Conclusion: RAPID mode LB3 ablation could provide fast, gapless, and acceptable lesion formation with thermal stacking and moderate tissue temperature rise.

Understanding the lesion formation property by laser ablation using a motorized rotational delivery system (RAPID mode) with high power (13 W or 15 W) is essential for safe and reliable pulmonary vein isolation with the third-generation laser balloon (LB3) ablation for patients with atrial fibrillation.

RAPID mode LB3 ablation created gapless linear lesions with acceptable lesion size.

Lesion depth and width were relatively smaller in RAPID mode LB3 ablation than overlapped point-by-point laser ablation with 7–12 W.

RAPID mode LB3 ablation revealed thermal stacking effect in thermographic observation, leading to fast and efficient lesion formation.
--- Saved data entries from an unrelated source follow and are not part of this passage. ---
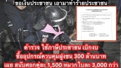 เปิดงบ ประชาชนจ่าย 300 ล้านบาท ที่ตำรวจขอไปเพื่อใช้เป็นอุปกรณ์บดขยี้ม็อบเยาวชน ของบกันผ่าน โครงการจัดหาเครื่องมืออุปกรณ์ควบคุมฝูงชนในการชุมนุมสาธารณะ ในกรมสรรพาวุธ สํานักงานตํารวจแห่งชาติ จำนวนเงินทั้งหมด 300 ล้านบาท เท่านั้นไม่พอ เมื่อดูเอกสารดีๆจะพบความผิดปกติ เช่น งบที่ขอไปไม่ใช่เอาไปแค่ซื้อสินค้า แต่เป็น "งบลงทุน"???? เอาเงินประชาชนไปลงทุนอะไร?? ด้านมาก ขอเงินประชาชนไปซื้ออาวุธมาฝาดคนยังไม่พอ.. ดูเพิ่ม
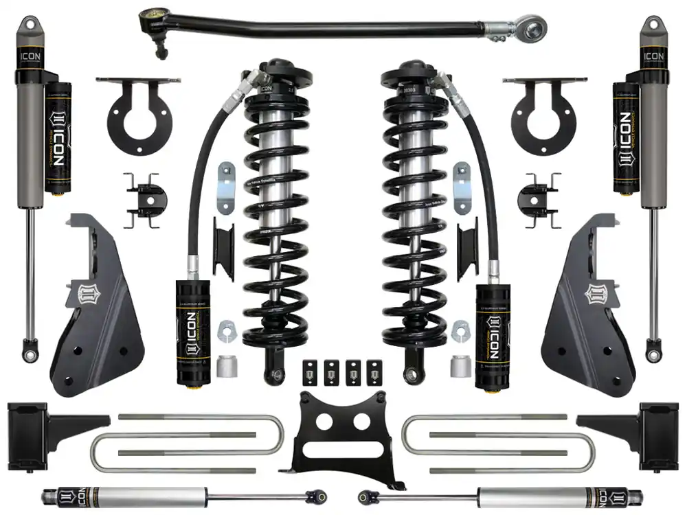 Designed to provide a height-adjustable option to the extremely popular ICON Vehicle Dynamics 4.5” Ford Super Duty Suspension Systems, these coilover conversions provide excellent on-road ride quality and off-road performance while at the same time allowing for end-user ride height adjustability.
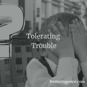 God shifted my focus and showed me I needed to tolerate what I could not change. My temper tantrum didn’t guilt him into magically wanting to do what I wanted. God showed me in the moment that I had the ability to stop making a big deal out of it. I could wait for my husband to do it in his timing. I could communicate why it was important to me. However, I could not make my husband do what I wanted. Instead, God moved me to tolerating trouble.
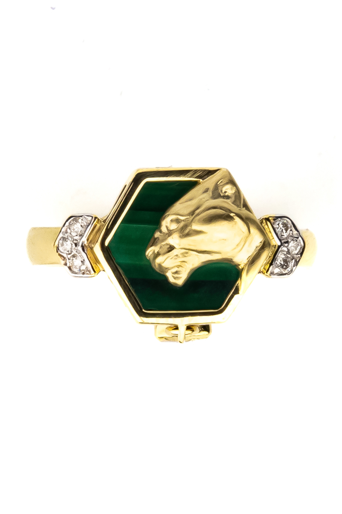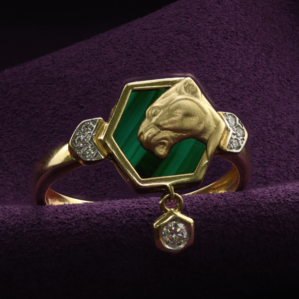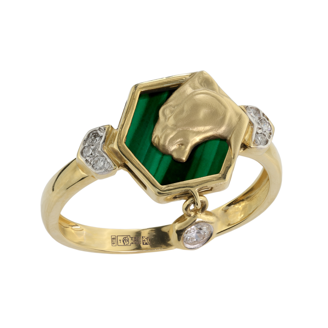 Кольцо из лимонного золота c бриллиантами и малахитом
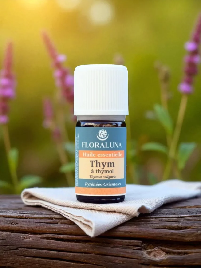 Distillée à partir des sommités fleuries de Thymus vulgaris CT thymol bio, cette huile essentielle est un anti-infectieux majeur à large spectre. Produit puissant et exigeant, utilisé avec précaution. Élaboré par Floraluna. Certifiée Nature & Progrès.
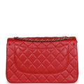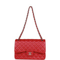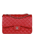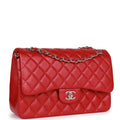 New Chanel Jumbo Classic Double Flap Bag Metallic Red Caviar Silver Hardware
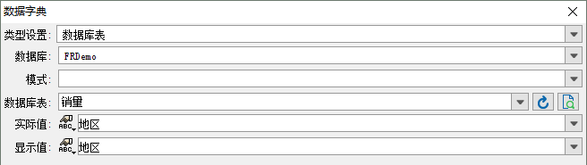 地区参数的控件类型选择下拉框,数据字典设置如下图:
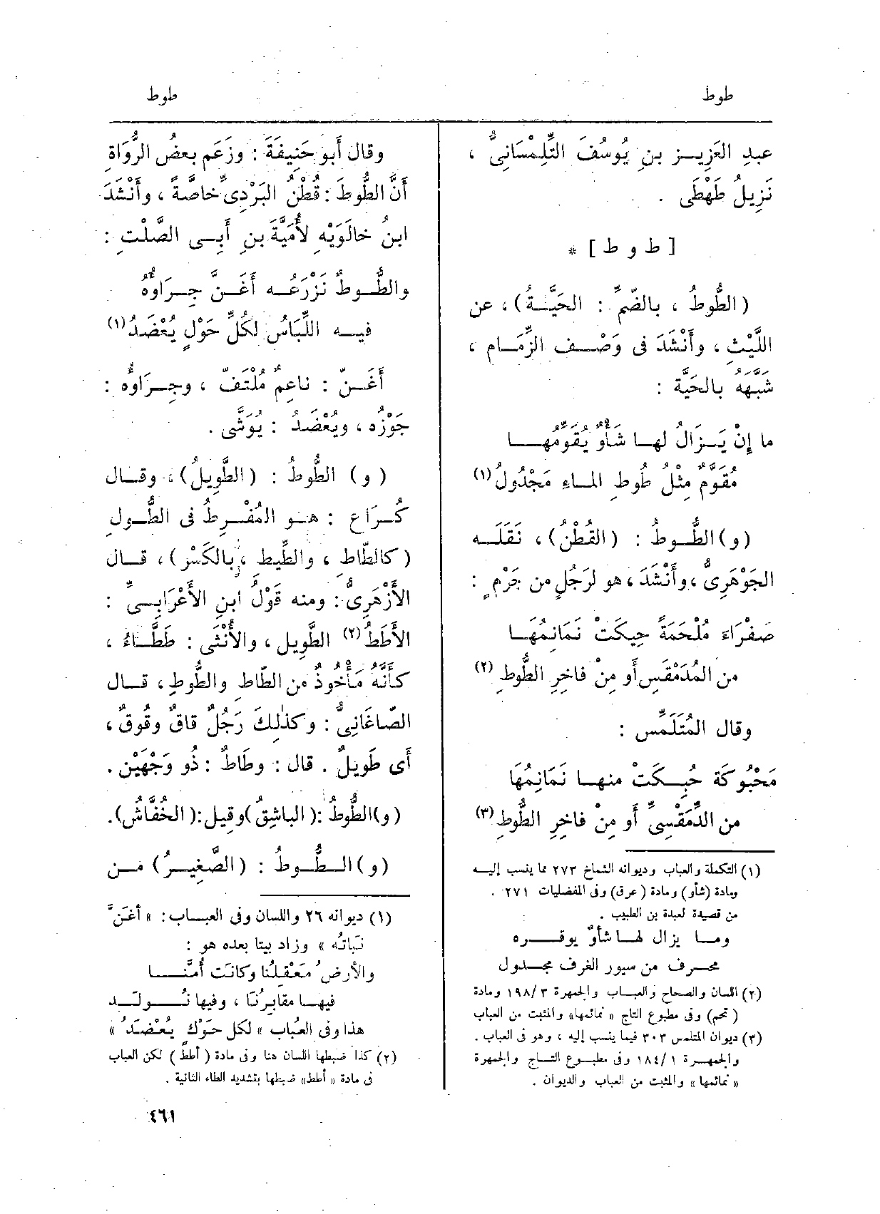 {الطُّوطُ، بالضَّمِّ: الحَيَّةُ، عَن اللَّيْثِ، وأَنْشَدَ فِي وَصْف الزِّمَام، شَبَّهَهُ بالحَيَّة:
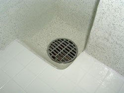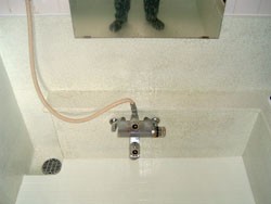 築約25年分譲マンション(金沢市・彦三)8階浴室。浴室洗い場でシャワーや掛け湯をすると漏水する。
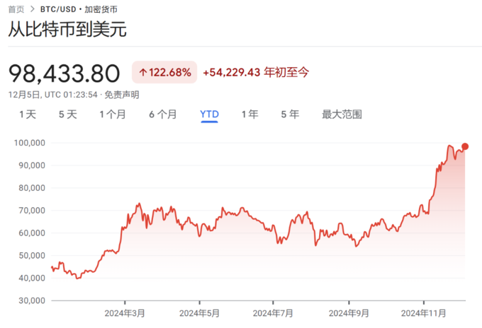 截至发稿时,比特币的交易价格为每枚 98,433.8 美元。今年以来,比特币涨幅超过122%。
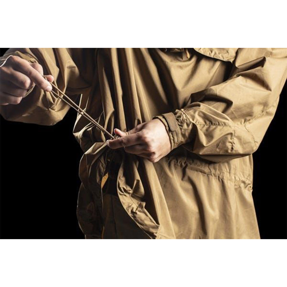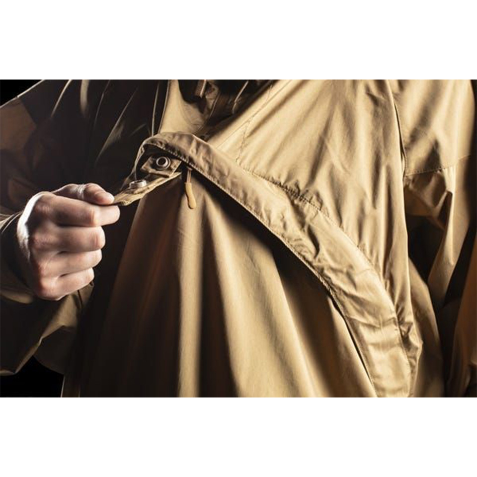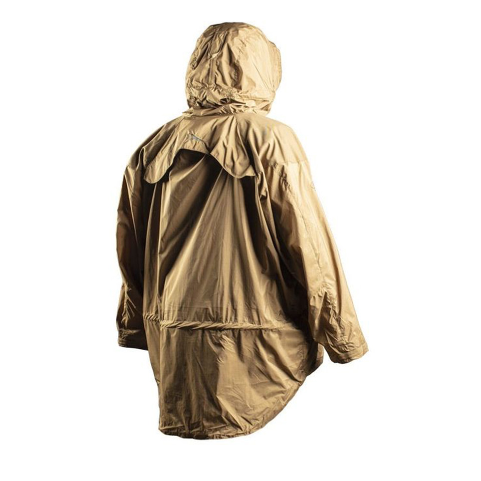 軽量で柔軟なナイロン素材に防水ジッパーとシームを施し雨や風から守ります。デザインは各種装備に上から着ても装備品や動きを阻害しないカットデザインを採用しています。
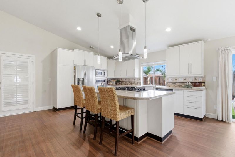 Tucked in a quiet cul-de-sac, this beautifully updated home offers light-filled living and a seamless open layout. Vaulted ceilings and engineered hardwood flooring enhance the main living areas, creating an inviting and functional space for everyday living and entertaining. The remodeled kitchen features white beaded shaker cabinetry, quartz countertops, stainless steel appliances, a farmhouse sink, and a spacious island with gas range and prep sink. The primary suite features high ceilings, a large walk-in closet, and an en-suite bath with dual vanities. A versatile bonus room offers the perfect space for a home office or gym. Additional highlights include A/C, ceiling fans throughout, and a gas log fireplace. Situated on an oversized 8,390± sq ft lot, the backyard offers turf, pavers, mature landscaping, and a large concrete side yard with potential for RV/boat parking.
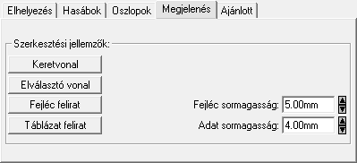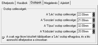 A csoportban egyrészt a készítendő táblázat oszlopainak szélességét adhatjuk meg.

Maximum tissue temperatures were relatively lower during RAPID mode laser ablation than overlapped point-by-point laser ablation with 8.5–12 W.

Introduction

In patients with drug-refractory symptomatic atrial fibrillation (AF), catheter ablation is the therapy of choice.1, 2, 3 Pulmonary vein (PV) isolation (PVI) is a major procedural endpoint of catheter ablation., In addition to conventional radiofrequency current energy, the diode laser was introduced as an alternative energy for PVI., The laser balloon catheter has recently evolved to the latest version, the third-generation laser balloon (LB3) (HeartLight X3; CardioFocus, Marlborough, MA) from the first-generation laser balloon (LB1) (HeartLight; CardioFocus) and second-generation laser balloon (LB2) (HeartLight Excalibur Balloon; CardioFocus).6, 7, 8, 9, 10, 11 LB1 and LB2 are generally point-by-point ablation systems, leading to relatively long procedural times.6, 7, 8, 9 LB3 is newly equipped with a motorized rotational delivery system (RAPID mode) with high power (13 W or 15 W), resulting in a prominent reduction in procedural time compared with LB1 and LB2., However, there have been no quantitative reports on the size and continuity of linear lesion and thermodynamics exerted on the tissues by LB3.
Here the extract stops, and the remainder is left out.